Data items
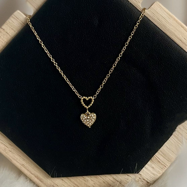 Le pendentif principal est accompagné d’un second cœur suspendu, orné de strass blancs étincelants qui ajoutent une touche de brillance et de glamour.
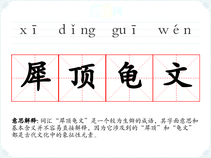 词汇“犀顶龟文”是一个较为生僻的成语,其字面意思和基本含义并不容易直接解释,因为它涉及到的“犀顶”和“龟文”都是古代文化中的象征性元素。
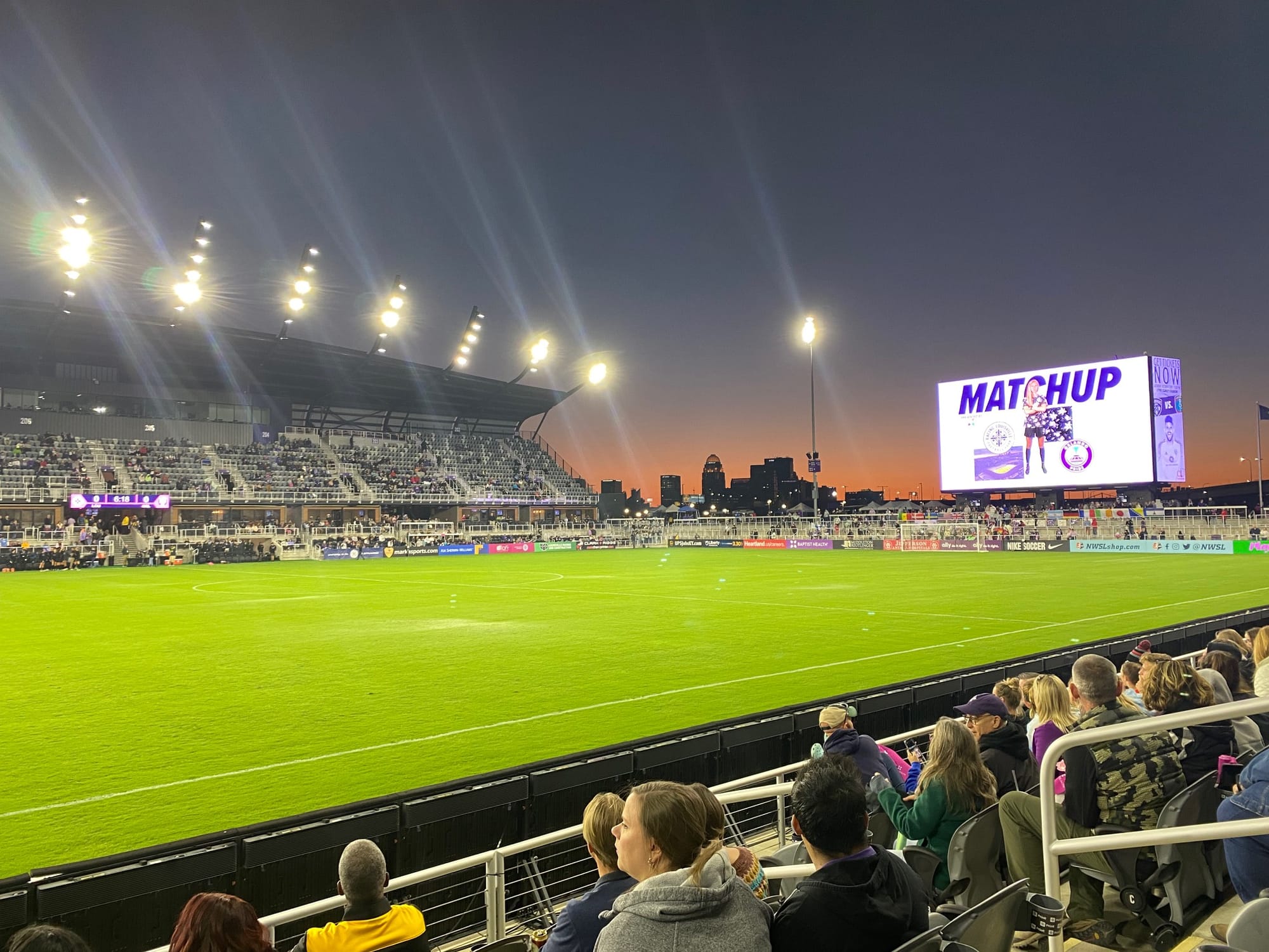 Later that same evening, we made a family outing to Lynn Family Stadium, our first trip to the gleaming new soccer-specific stadium in Louisville’s Butchertown neighborhood. The kids had monitored the progress of its construction with fascination for years—it’s visible right off I-71 as you approach downtown—but the pandemic had forced me into some half-hearted and half-true demurrals and deflections whenever they’d ask if the stadium was finally completed. Eighteen months after I’d first told them we’d go “as soon as it’s done”, we finally trekked down to watch Racing Louisville FC play the Orlando Pride of the NWSL.
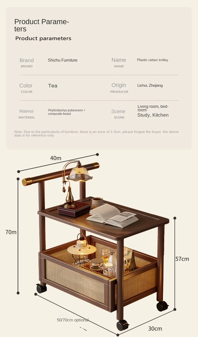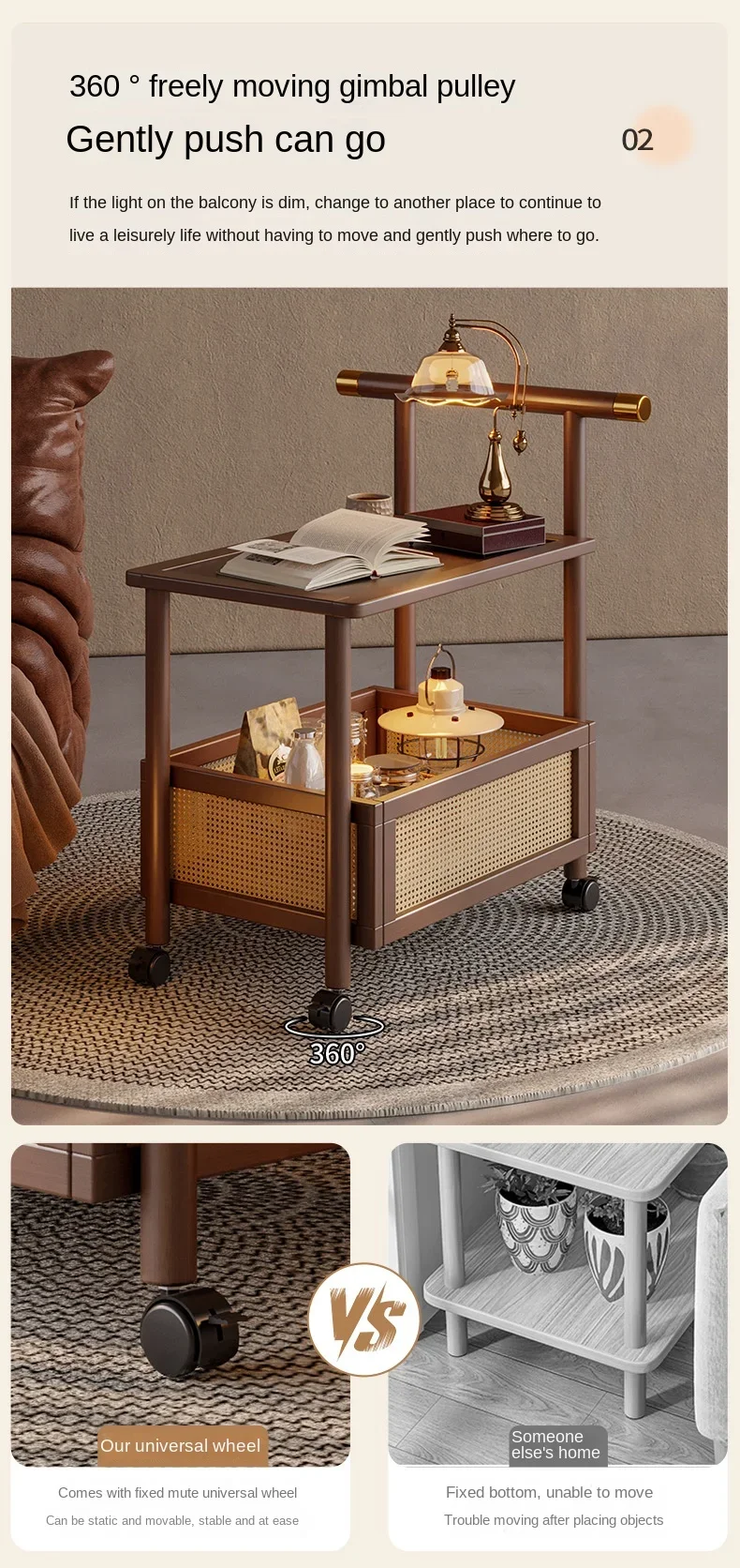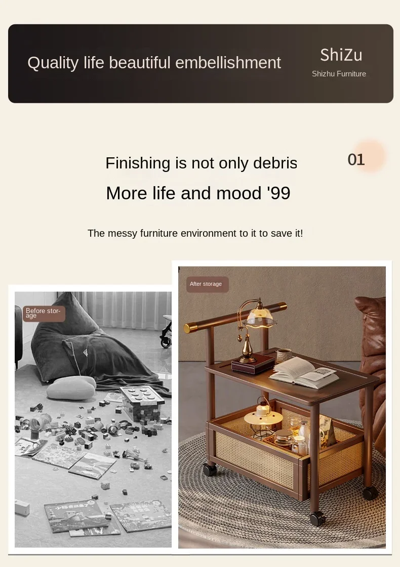 Sofa Edge Table Movable Living Room With Wheels Side Cabinet Antique Style Small Push Lathe Head Storage Rack Coffee Table
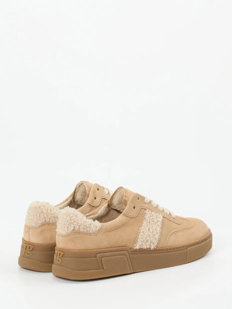 Ideal für entspannte Tage im Alltag oder Zuhause überzeugt das Modell mit weichem Veloursleder in warmem Beigebraun, ergänzt durch ein kontrastierendes Teddyfutter in Creme an der Fersenkappe. Die klassische, abgerundete Form mit weißer Schnürung und breiter Gummisohle sorgt für ein bequemes Tragegefühl. Goldfarbene Logodetails auf der Zunge und strukturierte Textileinsätze setzen dezente Akzente. Inspiriert von Streetwear und dem Teddy-Trend FW24 lässt sich der Schuh besonders gut zu Cordhosen oder Kuschelstrick kombinieren.
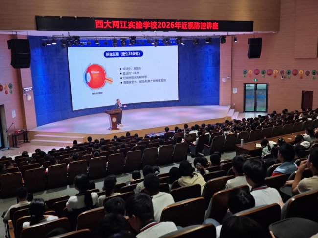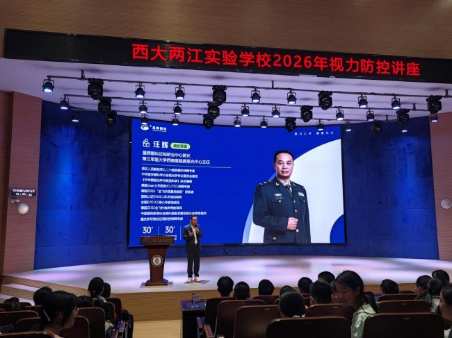 2026年4月9日,眼科全国知名眼科专家、汪辉星辉眼科院长汪辉教授受邀走进西大两江实验学校,教授讲座以“打赢视力保卫战筑牢光明防火墙”为主题,受邀实验为全校师生带来公益眼健康科普讲座,前往现场座无虚席,西大学校互动频频,两江有效将科学护眼理念送达校园一线。开展科普
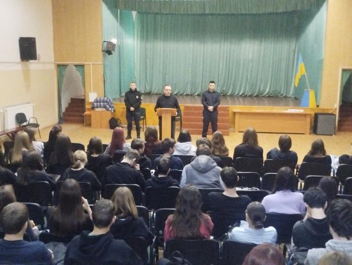 Про професію слідчого і дізнавача старшокласникам розповів заступник начальника курсу ННІ №1 Руслан ЄДІН, курсант ННІ №4 Владислав КОЧИН поділився особистим досвідом навчання у ХНУВС.
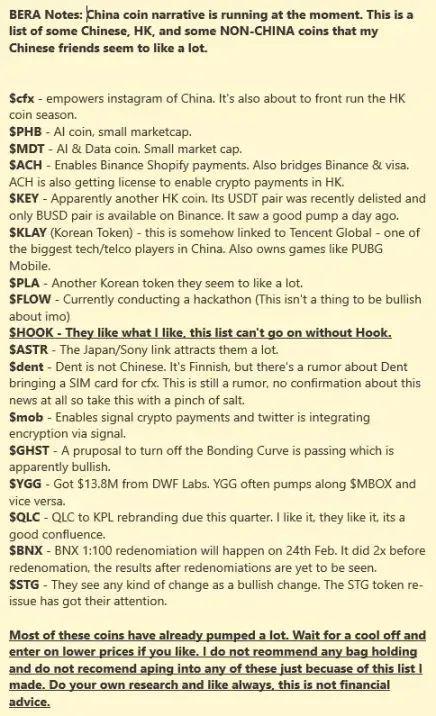 「这是国产概念币叙事的代币清单。有些是国产团队的项目,有些并不是,只是国内的朋友们似乎很喜欢」。

■ WHAT YOU HAVE TO DO: Please output only the lines running from the one that holds "Про професію слідчого" through the last line of the entries, both ends included, without any images.

■ SOLUTION TO THE PROBLEM:
 Про професію слідчого і дізнавача старшокласникам розповів заступник начальника курсу ННІ №1 Руслан ЄДІН, курсант ННІ №4 Владислав КОЧИН поділився особистим досвідом навчання у ХНУВС.
 「这是国产概念币叙事的代币清单。有些是国产团队的项目,有些并不是,只是国内的朋友们似乎很喜欢」。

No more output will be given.